■ INPUT FOR THIS TASK ■
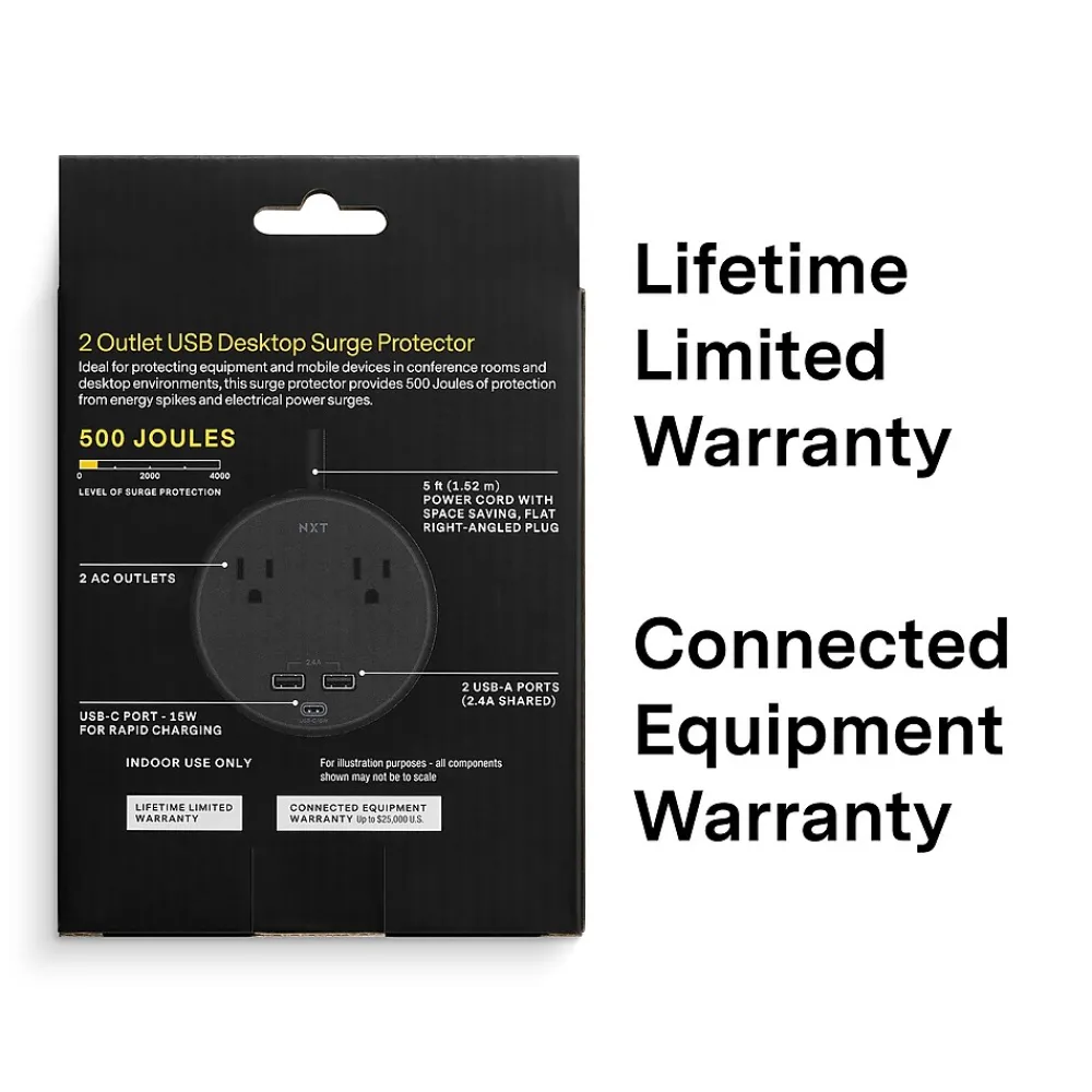Experience seamless power and connectivity in your mini conference room with this mini conference room surge protector. This NXT Technologies compact powerhouse features two outlets, two USB Type-A ports with 2.4A charging capacity, and one USB Type-C port with 15W charging capability. Stay plugged in and charged up as you connect and collaborate effortlessly. With its sleek design and versatile functionality, this NXT Technologies surge protector with two outlets, two USB Type-A (2.4A) ports, and one USB Type-C (15W) port is a must-have for productive meetings and efficient device management.
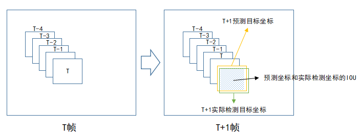 如上图,在T+1帧中,我们根据目标前面若干帧的坐标预测它在本帧中的坐标(预测坐标),然后再将该预测坐标与本帧实际检测的目标坐标进行数据关联。之所以需要先进行预测再关联,是因为为了减少关联过程的误差,常见预测算法可以使用卡尔曼滤波,根据目标前面若干坐标值预测下一坐标值,并且不断地进行自我修正,卡尔曼滤波算法网上有开源代码。IOU(交并比)是衡量两个矩形方框的重叠程度,IOU值越大代表矩形框重叠面积越大,它是目标检测中常见的概念。在这里,我们认为IOU越大,两个目标为同一物体的可能性越大。
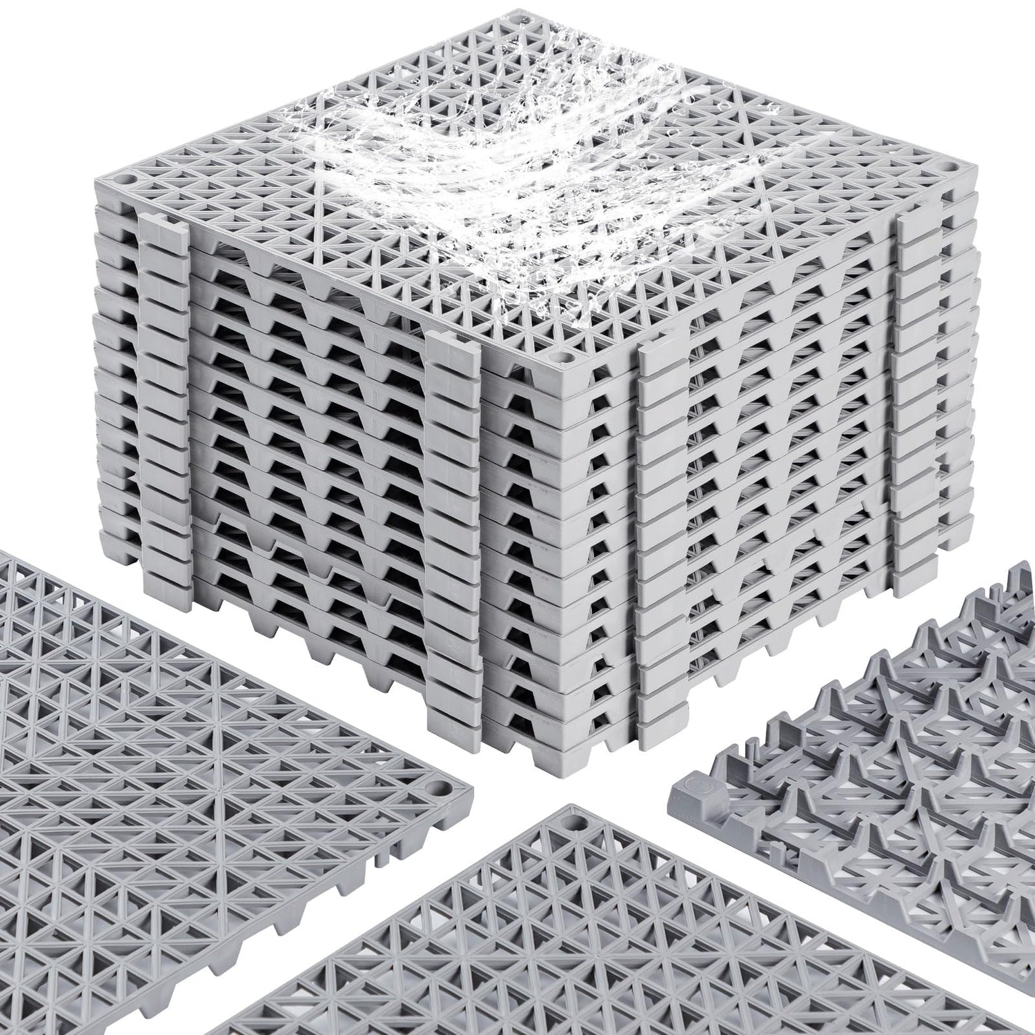 - Interlocking Drainage Mats for Indoor and Outdoor Use: The non-slip floor tiles with holes have excellent drainage underneath and are ideal for damp and ventilated areas as the drainage tiles stop water from pooling and allow the floor to dry out on its own; perfect for walk-in showers, outdoor hot tub entrances and exits, pool areas such as pool slides and pool shower floors, basement and garage floors, camping doormats, or RV mattresses, and more
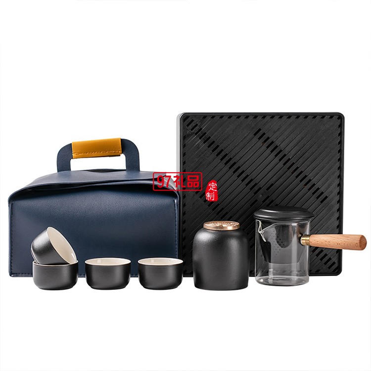 新品創(chuàng)意陶瓷便攜旅行茶具套裝茶盤皮包戶外一壺四杯 可定制logo
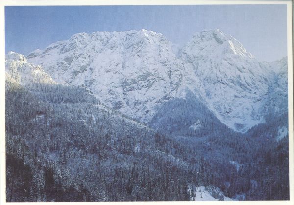 Widok na zimowy Giewont od północy. W dole Dolina Strążyska.
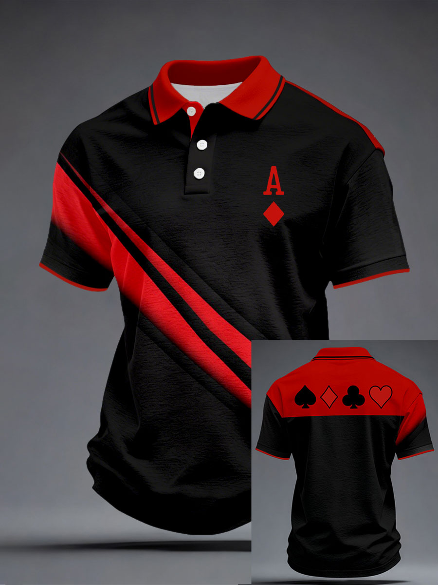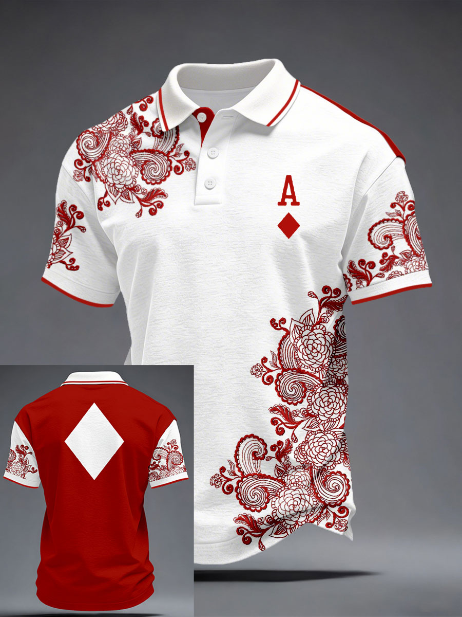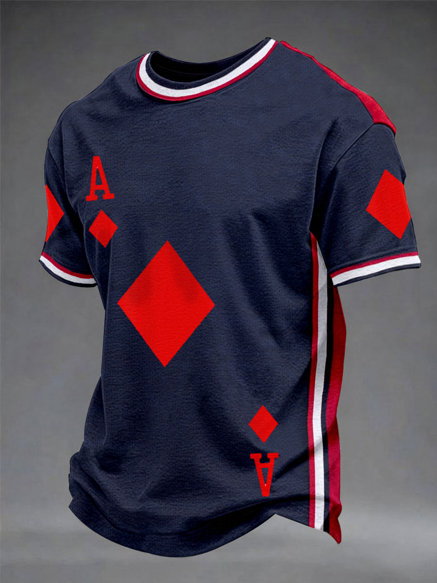 Men's Diamond A Playing Card Red Rose Tops
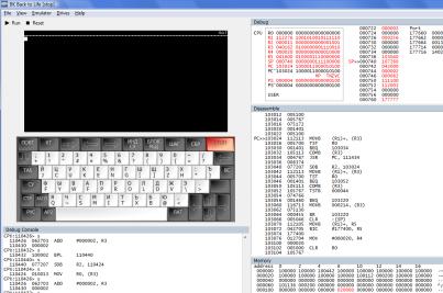 Взял UKNCBTL, переименовал в BKBTL, почикал пока флоп и звук, убрал второй процессор и второй контроллер памяти, в первом изменил реализацию обращений к памяти, объединил контроллер памяти с матерью, поставил стабы для будущей реализации нужных портов, сделал отрисовку чёрно-белого режима экрана 512 x 256.
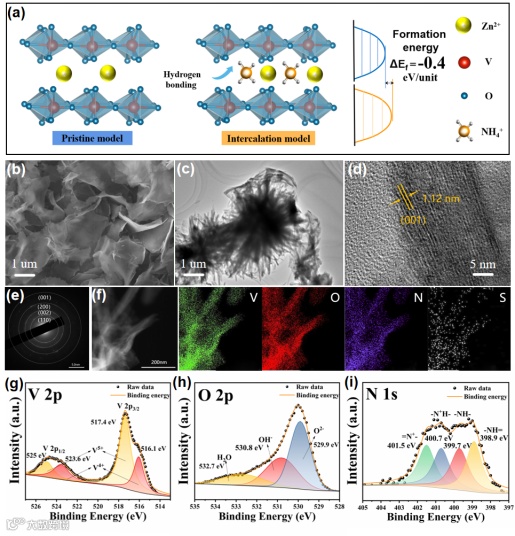 图1. (a)VO-NH阴极材料结构示意图以及形成能差异;(b)SEM图;(c)TEM图;(d)HR-TEM图;(e)SAED图;(f)EDX元素映射图;(g)V 2p; (h)O 2p; (i)N 1s的XPS价态分析。
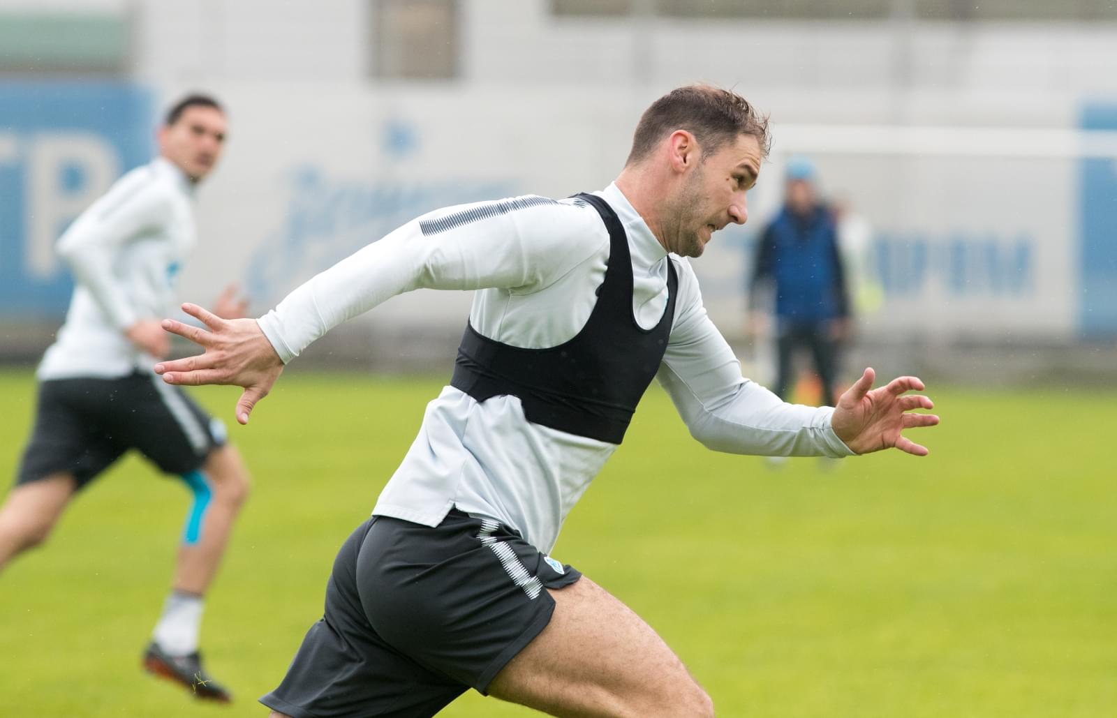 17.04.2018. Россия, Санкт-Петербург, Удельный парк. Тренировка основного состава ФК «Зенит» перед матчем РОСГОССТРАХ-Чемпионата России 2017/18, 23-й тур, «Зенит» — «Динамо». На снимке: Бранислав Иванович, защитник ФК «Зенит».Автор: Вячеслав Евдокимов / ФК «Зенит»
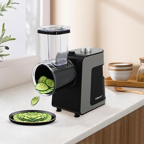 Coupe-légumes électrique 1000 W - Avec 10 lames - Râpe à légumes pour différents légumes, carottes, concombres
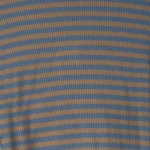 Chic long sleeve tee with blue and tan stripes. Ideal for everyday wear.

■ WHAT IS REQUIRED ■
Take the line containing "Coupe-légumes électrique 1000" and every line after it up to the end of the data, and write them out exactly, without the pictures.

■ RESULT ■
 Coupe-légumes électrique 1000 W - Avec 10 lames - Râpe à légumes pour différents légumes, carottes, concombres
 Chic long sleeve tee with blue and tan stripes. Ideal for everyday wear.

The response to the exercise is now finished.